Your task: For this exercise, write out the full listing that follows exactly and skip its pictures.

Dataset section:
═══

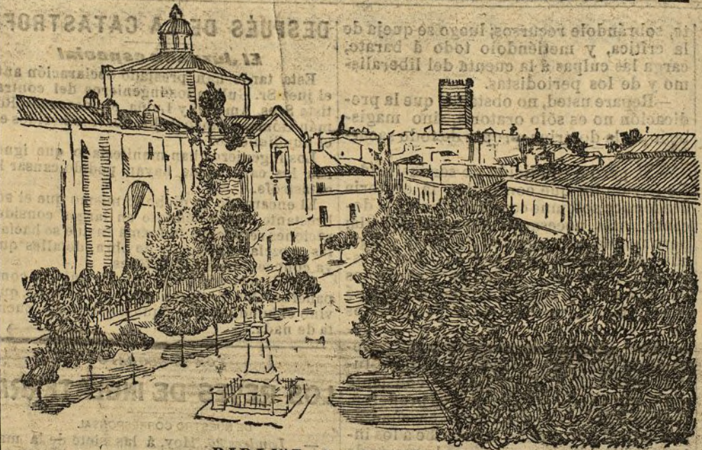
BADAJÓZ.—La plaza de Minayo
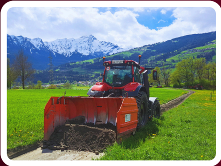
Material ab Wand vorlegen
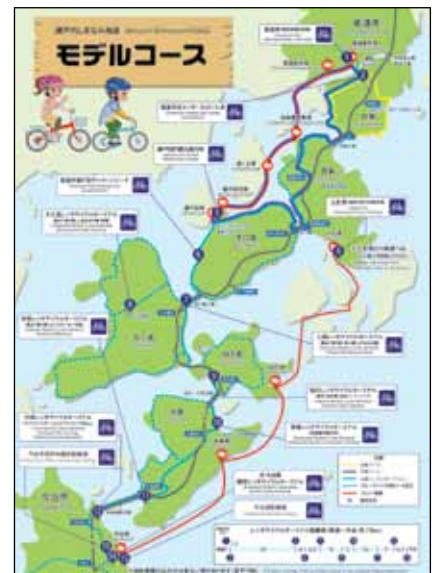
Die Inseln im Seto-Binnenmeer, mit Brücken (und Radroute) erschlossen.

Aber nochmals zurück an den Anfang. Nach einer Woche Arbeit in Tokyo und Osaka (auch wegen Covid war die letzte Reise schon acht Jahre her) war ich doch überrascht, wie sehr sich Japan verändert hat. Überall findet man heute englisch beschriftete Hinweisschilder und Wegweisungen, man kann sich ziemlich selbstständig allein bewegen (auch google-maps und google-translate machen es möglich). Touristen in beachtlicher Zahl (auffällig viele Schweizer und Deutsche) nutzen den aktuell schwachen Yen; und auch Tax-free-shopping sorgt für einen aktuellen Touri-Boom, vor allem

═══

Response to this exercise:
BADAJÓZ.—La plaza de Minayo
Material ab Wand vorlegen
Die Inseln im Seto-Binnenmeer, mit Brücken (und Radroute) erschlossen.

Aber nochmals zurück an den Anfang. Nach einer Woche Arbeit in Tokyo und Osaka (auch wegen Covid war die letzte Reise schon acht Jahre her) war ich doch überrascht, wie sehr sich Japan verändert hat. Überall findet man heute englisch beschriftete Hinweisschilder und Wegweisungen, man kann sich ziemlich selbstständig allein bewegen (auch google-maps und google-translate machen es möglich). Touristen in beachtlicher Zahl (auffällig viele Schweizer und Deutsche) nutzen den aktuell schwachen Yen; und auch Tax-free-shopping sorgt für einen aktuellen Touri-Boom, vor allem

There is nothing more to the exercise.